**Your objective**
Pictures are to be left out. Return exactly the lines below from the one with "Керамическая кружка окрашенная" up to and including the one with "8. 加少许的水,放入姜,蒜,葱,小米辣".

**Excerpted data**
● ● ● ● ●

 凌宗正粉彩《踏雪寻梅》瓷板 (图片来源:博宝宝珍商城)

● ● ● ● ●

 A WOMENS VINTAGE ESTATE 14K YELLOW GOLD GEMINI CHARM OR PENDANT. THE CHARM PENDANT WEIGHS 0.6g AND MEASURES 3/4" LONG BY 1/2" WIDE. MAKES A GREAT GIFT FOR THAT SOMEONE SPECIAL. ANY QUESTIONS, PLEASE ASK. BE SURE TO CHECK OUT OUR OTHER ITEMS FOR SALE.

● ● ● ● ●

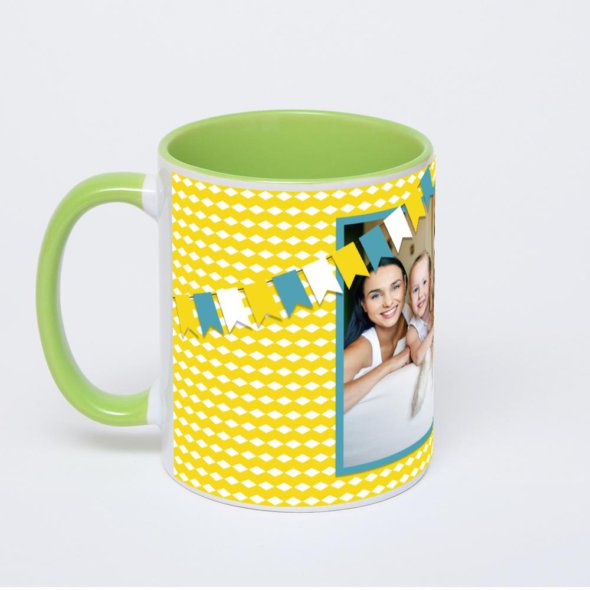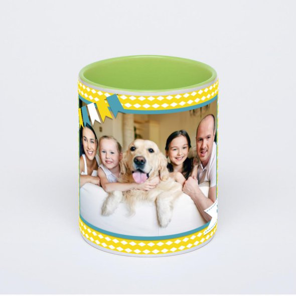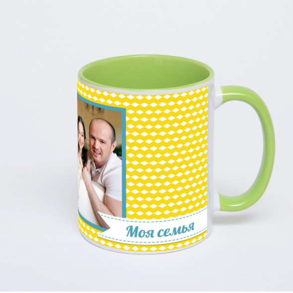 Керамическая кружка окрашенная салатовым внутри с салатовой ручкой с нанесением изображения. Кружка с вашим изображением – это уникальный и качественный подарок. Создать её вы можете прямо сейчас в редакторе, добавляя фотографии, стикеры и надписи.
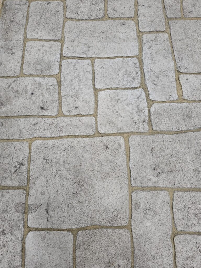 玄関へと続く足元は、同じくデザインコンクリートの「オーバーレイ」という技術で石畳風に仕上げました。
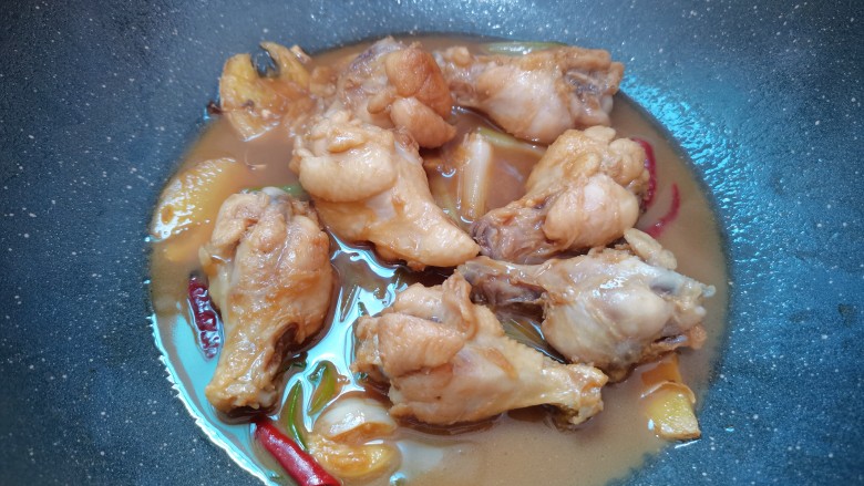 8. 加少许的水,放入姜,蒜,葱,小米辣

● ● ● ● ●

**Output for this exercise**
 Керамическая кружка окрашенная салатовым внутри с салатовой ручкой с нанесением изображения. Кружка с вашим изображением – это уникальный и качественный подарок. Создать её вы можете прямо сейчас в редакторе, добавляя фотографии, стикеры и надписи.
 玄関へと続く足元は、同じくデザインコンクリートの「オーバーレイ」という技術で石畳風に仕上げました。
 8. 加少许的水,放入姜,蒜,葱,小米辣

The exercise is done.